At first Luckyone screeched in terror, unable to believe what was happening. Hardening their souls to avert each and every own consciencious feeling they each had, the mob of shovellers had to be strong in their resolve to continue what they had started. With their collective integrity dangling by just a thread, some were feeling an annoying sense of remorse about the obvious fate they were inflicting on the faithful old donkey. To the hard-headed relief though, Luckyone eventually calmed down as though in acquiescence to the morose destiny in store. She was presumably too exhausted to fight any further -- just as they had all hoped. Not having to hear her pleas to their principles made it easier for the mob to continue without having to endure the annoyance of niggling pinches of guilt.

When When Jack mustered the gall to peer down into the well that the mob was dutifully transforming into a grave, he was astounded. With each shovel load that the band of followers dumped onto her, the sanguine burro was doing something Jack could never have imagined was possible. There stood Luckyone, strong and calm, shaking off the dirt as it landed on her head and back. To what would turn out to be the good fortune of all, Luckyone sensed the quiet support and encouragement from her friends on the farm as well as the unbearable longing that Franky would suffer if she were to succumb to the wicked plan of the sheepish ones. She was able to draw the strength and resolve she needed to fight for what was right. While the throng of adherents continued to shovel, Luckyone kept shaking it off and taking a step up. When she finally stepped firmly up onto level ground she trotted off immediately and exultantly to find Franky.

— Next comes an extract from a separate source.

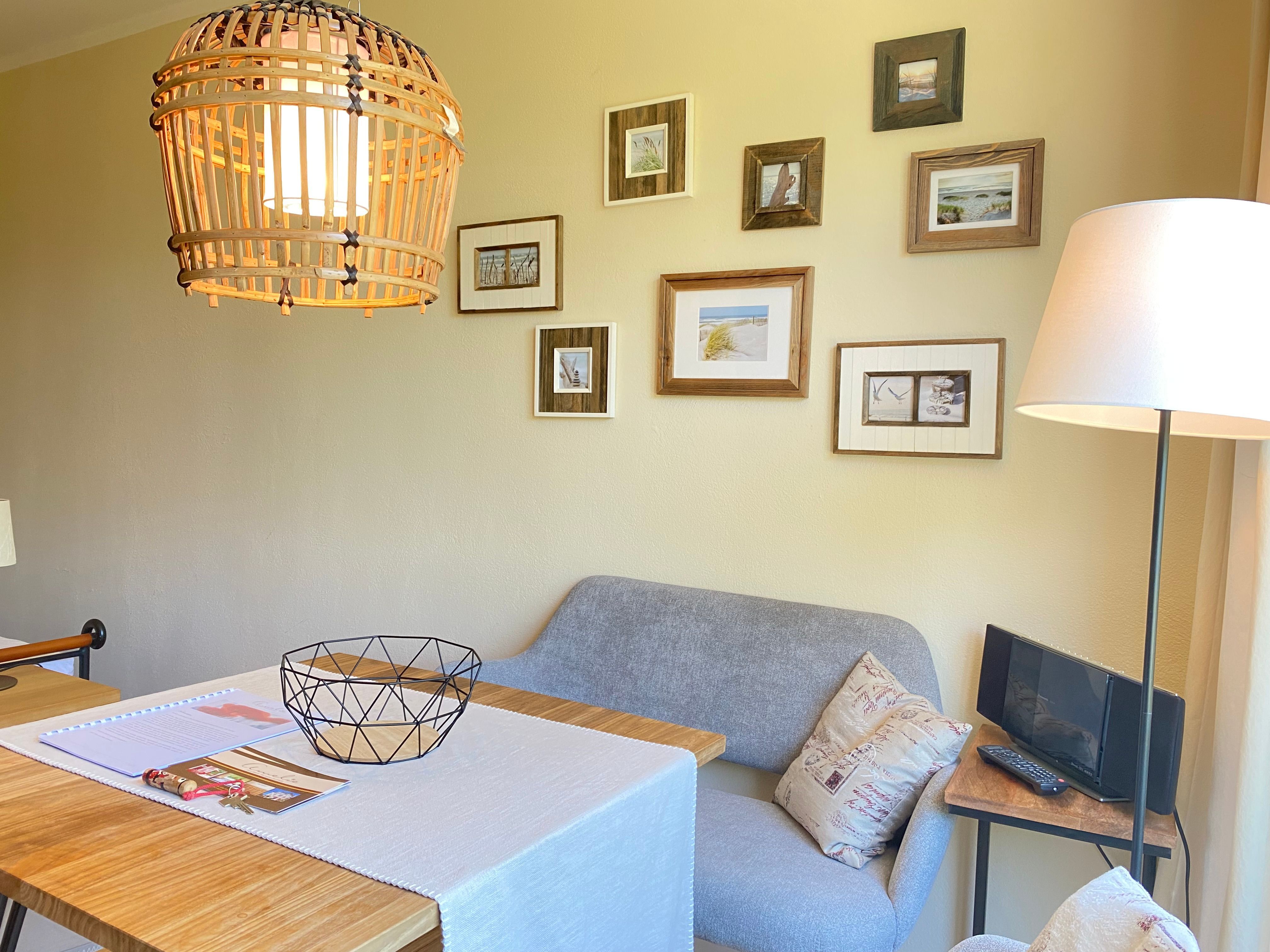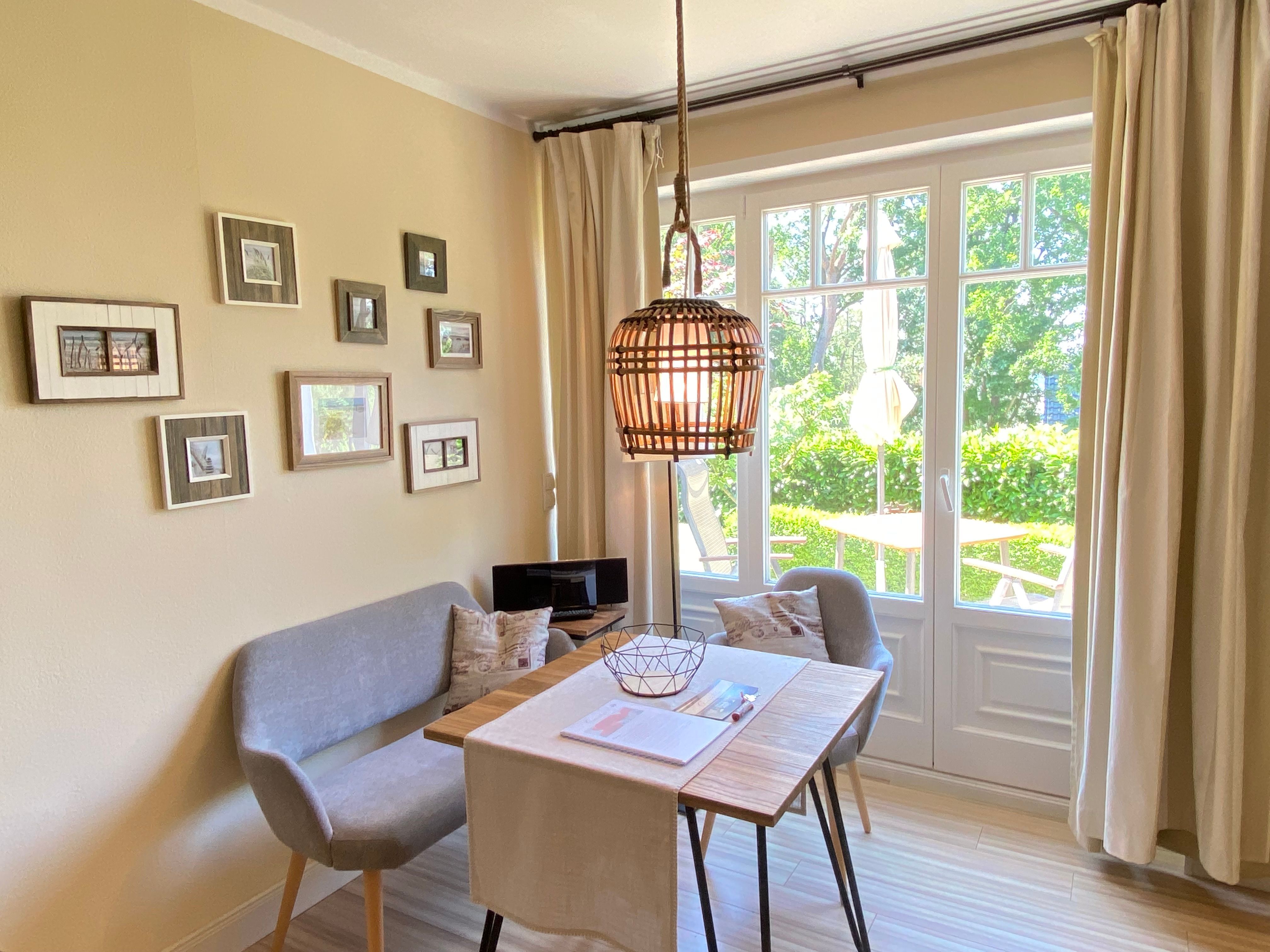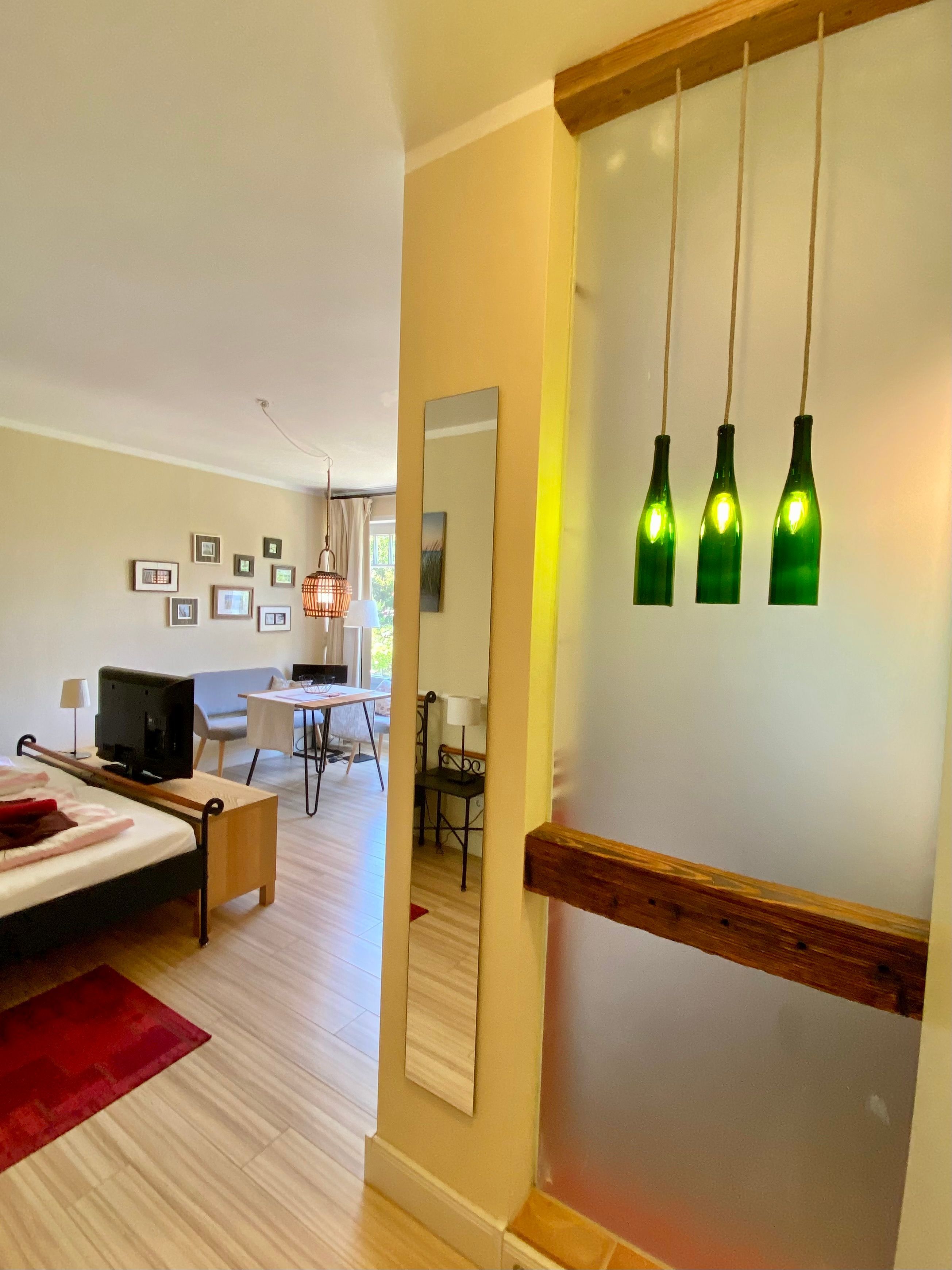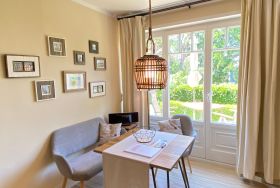 Eine kleine, raffiniert eingerichtete Wohnung für den Urlauber, der lieber am Strand oder auf Rügen unterwegs ist, als tagelang in seiner Ferienwohnung zu sitzen. Größe: ca. 26 m², sehr gemütlich und wie folgt eingerichtet: Fußbodenheizung, Laminat. Küchenzeile mit Flüsterkühlschrank, Cerankochfeld, Kaffeemaschine, Wasserkocher und Toaster. Doppelbett 200 x 180 cm, kleine Sitzgruppe. Bad mit Fön, WC und Dusche (120x80 cm). Die Dusche ist durch Milchglaswände vom Wohnraum abgetrennt. 40 Zoll Smart-TV, Kreafunk Bluetooth Lautsprecher. Gepflasterte Terrasse Richtung Westen mit Möblierung, Gartengrill und einer kleinen Liegewiese. Diese Wohnung ist geeignet für Alleinreisende, oder Pärchen. Eine Aufbettung ist nicht zu empfehlen.

Wouldn't you know the shovellers circled around the old well were in perfect formation for a congratulatory round of pats on the back for the achievement of having “helped out.” Jack and Charlie even gave each other a big ol’ high five for masterminding Luckyone's rescue. Some among them must have struggled you would think, with the sense of evil and betrayal in which they had been willing to partake. Those ones made up their minds to join more honourable circles so that when what goes around comes around, they could hope to be the better for it.

In the years that followed, Franky marveled at how different the outcome would have been for everyone if Luckyone had just laid down to accept the sinister fate the accomplices had drummed up. What finally happened with faithful old Luckyone was that she vengefully gnawed off her rightful pound of flesh from Jack and Charlie for trying to bury her alive, along with the hopes and dreams of Franky and the other workers. They learned a valuable lesson when the festering wounds from their bites got infected and they both became so sick they had to take an early off-ramp and retire early from the farm they had professed to love so much. It all goes to show -- "If you try to cover your, er uhm -- Luckyone, it will come back to bite you.

Luckyone was a donkey and did what she felt she had to do to strike a chord for justice. As real-life good fortune has it, we don't all have to be asses and seek revenge. We can just decide to be Luckyones and to take each challenge we face as an opportunity to shake it off and take a step up!